家宅捜索では、3匹の犬がカゴの中で死んでいるのが見つかった。犬はポメラニアンやトイプードルなどで、袋などで密封したカゴの中に閉じ込め、窒息死させた疑いがあるとみられている。
家宅捜索では捜査員との間で、次のようなやりとりがあった。
捜査員:
世間とずれちゃってる感じがしますね。(うなずく渡部容疑者)
保健所の人とかにどうやって処分してるかって聞かれて、このやり方は言わないでしょう?
渡部容疑者:
あんまり聞く必要もないから向こう(保健所)も。
捜査員:
聞かれたことは?
渡部容疑者:
ないないない
捜査員:
えさ代とゴミの処分で?
渡部容疑者:
そんなもん、15万から30万(円)はかかる。
捜査員:
売り上げがね?
渡部容疑者:
ないとやっていけない。
容疑者「犬を生かしておくと経費がかかる」
子犬をオークション会場で販売するなどして、2022年は約2700万円の売り上げがあったという渡部容疑者。

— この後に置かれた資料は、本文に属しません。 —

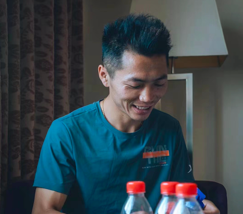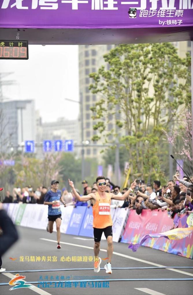 3月12日,岑万江在2023龙湾半程马拉松赛中。(受访者供图)
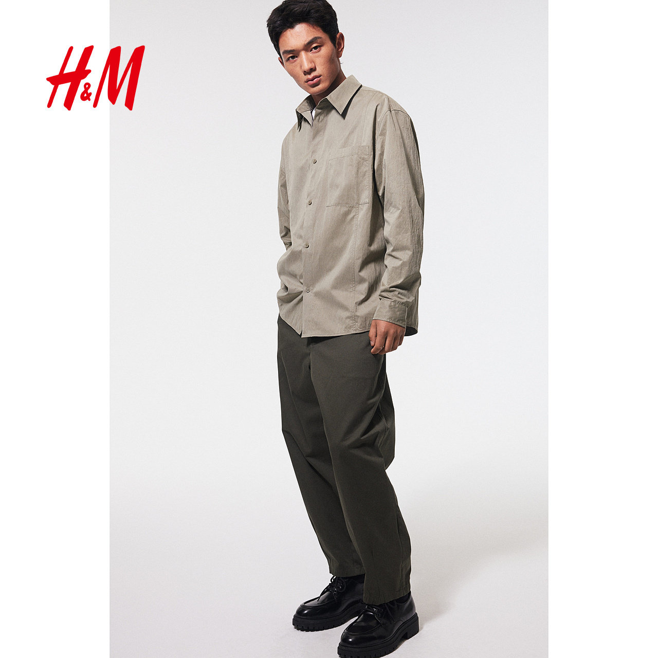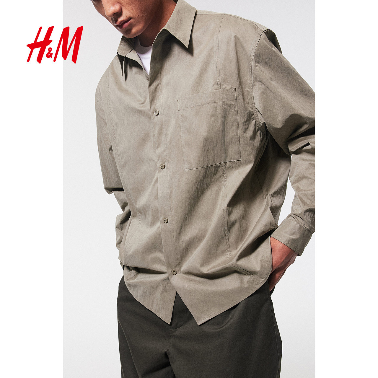 天猫HM男装衬衫春季宽松长袖内搭开衫1265236

逮捕前の任意の調べには、「繁殖に使えなくなった犬を生かしておくと経費がかかる。行き場のなくなった犬の責任をとるつもりで殺した」などと話していたという。
5月には獣医師が容疑者宅にいる犬の健康状態を確認。
この飼育場では、繁殖用の犬と販売前の子犬など約180匹が飼われていて、警察は健康状態が悪い17匹を保護。
渡部容疑者は家宅捜索後、廃業届を提出し、警察が保護した犬の飼育も放棄したという。
そして27日、犬3匹を窒息死させた疑いで逮捕された渡部容疑者。
警察の調べに対し「1匹は生きているうちに閉じ込めたが、2匹はもう死んでいた」と話し、容疑の一部を否認しているという。